Он смотрел жестко, собранно, и она, уловив перемену, тоже переменилась.

— Мне сказала об этом ваша мама.

— Со мной все в порядке! — возразил Саша.

— Но у вас и вправду измученный вид.

— Возможно. Только это не имеет значения!

— А почему вы тогда в таком возбуждении? — спокойно сказала Тамара Петровна.

Почему сорвался голос, почему он взмахнул рукой и вскинулся, Саша и сам не знал. Но ощутил, что его поймали, уличили, пока еще непонятно в чем.

— Я не возбужден! — воскликнул он со страстью. Ужасно глупо кричать, что ты не кричишь, и Саша понимал это, но ничего поделать с собой не мог.

Врачиха, собранная и настороженная — при исполнении служебных обязанностей, — глядела спокойно, и снова возникло у Саши гадостное ощущение, что попался. Врачиха все-таки его переиграла — легко и просто. Снова, как в кабинете Трескина, он почувствовал себя униженным и беспомощным — догнали и добивают.

— Мама!

Мать подслушивала тут же, за дверью, и не потрудилась это скрывать.
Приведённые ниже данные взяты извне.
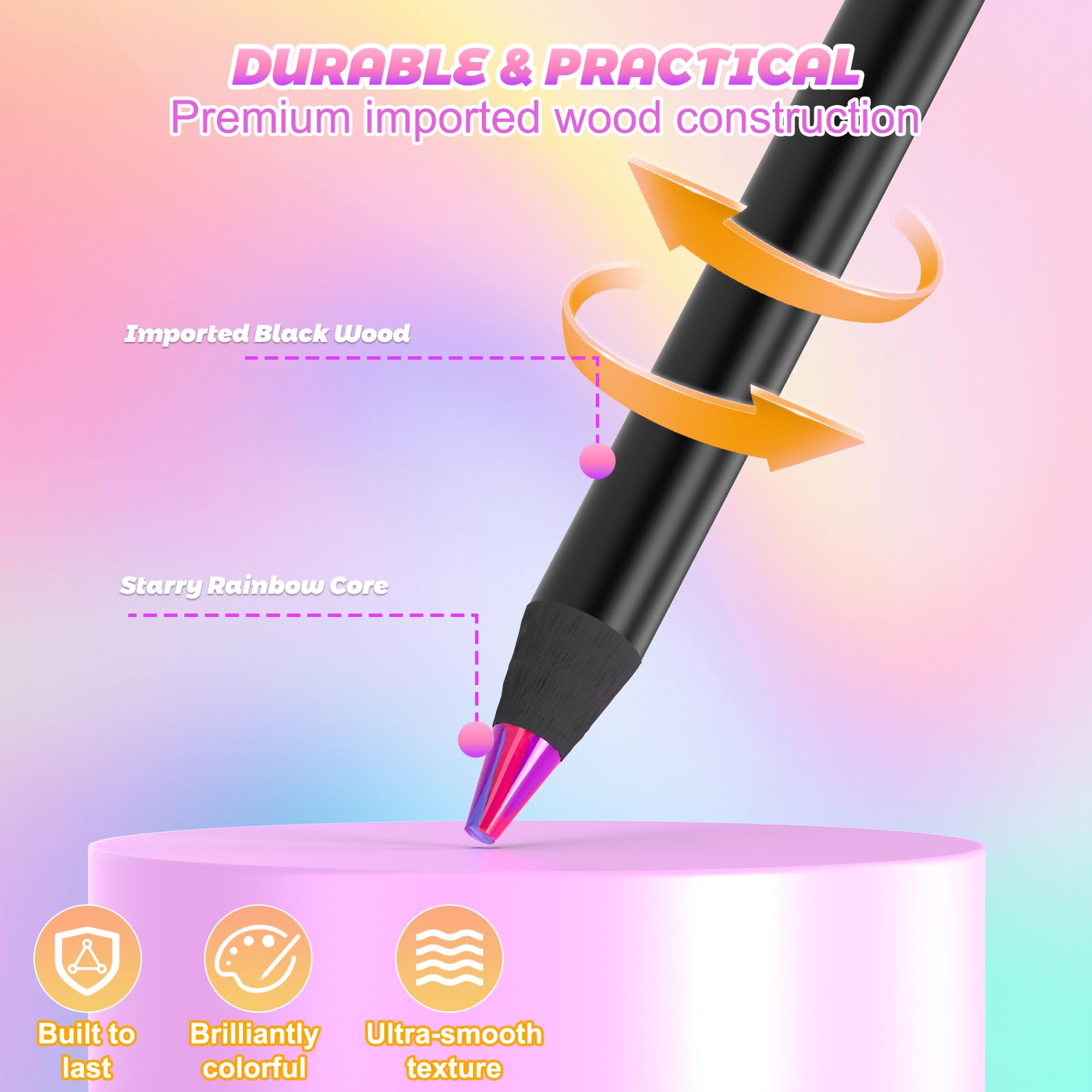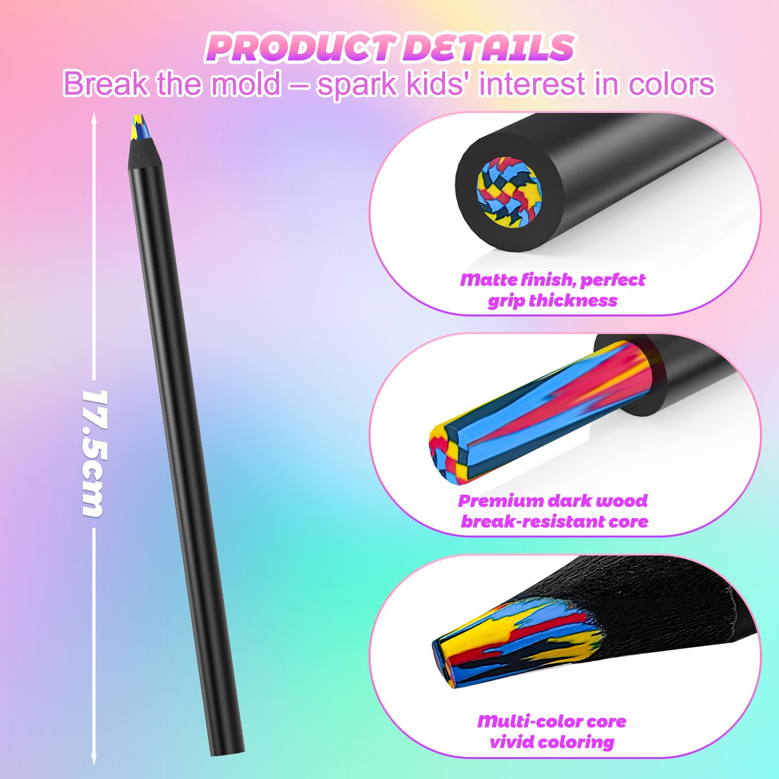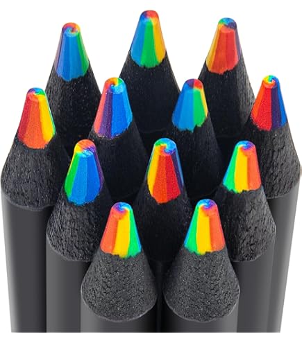 Kleine Künstler aufgepasst! Diese Nurila Regenbogen-Buntstifte im 12er-Set sind super bunt und machen richtig Spaß. Mit 7 Regenbogenfarben: Rot, Orange, Gelb, Grün, Blau, Indigo und Violett. Aus schwarzem Holz und mit HB-Mine aus natürlichem Graphit - mittlere Härte, bricht nicht leicht. Perfekt für Kinder von 4-12 Jahren. Jeder Stift 17,5cm lang, 0,75cm Durchmesser - rutschfest und gut in kleinen Händen zu halten. Ideal für Schultüten, als Geschenk oder für tägliches Malen. Ob für den Unterricht, Notizbücher oder Kunstprojekte - diese Stifte begeistern jeden Nachwuchskünstler. Auch kombinierbar mit anderen Schreibwaren. Einfach auspacken und losmalen! Perfekt für Geburtstage, Weihnachten oder den Schulanfang.
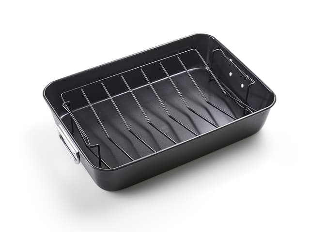 Roasting pan with rack, 40 x 28 cm. Made of carbon steel with internal 2-layer non-stick coating. This allows cooking with less oil/fat as well as easier cleaning.Tutustu ominaisuuksiin
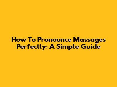How To Pronounce "Massages" Perfectly: A Simple Guide
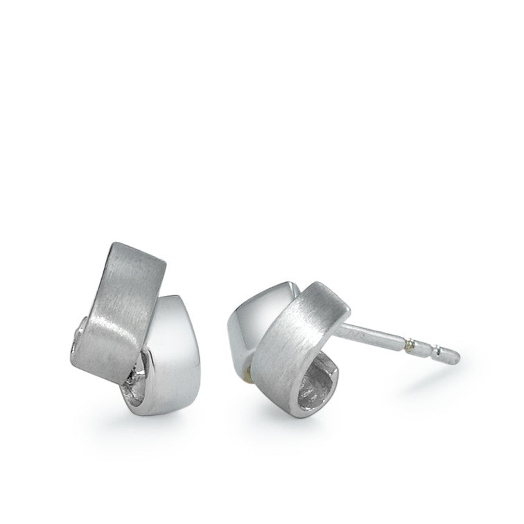 Boucles d'oreilles pour femmes en or blanc 375. Design élégant et moderne, parfait pour un style raffiné au quotidien ou lors d'occasions spéciales. Légères et confortables à porter, ces clous d'oreilles allient sobriété et élégance avec une finition mate et brillante.

— Есть замечательное средство, — явилась она сразу же с предложением. — Из сильно действующих нейролептиков. Успокаивающее. Еще когда эта твоя девушка звонила, советовала. Очень за тебя беспокоилась. Замечательная подруга. Говорит, только не расспрашивайте его, не трогайте. Не донимайте его расспросами, ради бога!

— Какая девушка? — оторопел Саша. Потрясением явилась вдруг безумная мысль, что звонила Она, Люда. — Какая девушка? — повторил Саша с такой страстью, что мать запнулась и тревожно глянула на врачиху в ожидании помощи. Но Тамара Петровна молчала, она не тратила попусту слов, когда нечего было сказать.

— Ну, ты сам знаешь, какая, — защищалась мать. — Ты лучше знаешь своих подружек… — Саша глядел пронизывающим взглядом. — Я поняла, что это твоя девушка…

— Она так сказала?

— Она… Она говорила: у Саши большое несчастье. Посоветуйтесь с психиатром.

«Аллочка!» — осенило его тут. Это нужно было сообразить с самого начала.

— И что она еще сказала? — спросил он почти с интересом.

— Она сказала… — мать снова покосилась на врачиху и, не дождавшись помощи, вынуждена была выкручиваться сама, — она сказала… что ты на грани самоубийства. — И обе, что та, что другая, уставились на него, выпытывая взглядом правду.

Саша рассмеялся, казалось ему, рассмеялся — что-то такое отозвалось внутри его смехом. Изуверская забота Аллочки зацепила что-то в душе и перевернула так, что он увидел собственную трагедию с изнанки, с какой-то другой, совсем не трагической… а непонятно уже какой стороны.

Он уселся и оглядел женщин веселым, насмешливым взглядом.

Все, что давило его до сих пор темной бесформенной тяжестью, обрело вдруг размеры и очертания. Вполне постижимые размеры и доступные глазу очертания. Это походило на переворот, на открытие, на ошеломительный фокус — нечто возникшее из ничего, — и он уже видел это, а они, — недоверчиво притихшие женщины, — нет. Ему хотелось смеяться — смехом глядящего на блистательный фокус ребенка.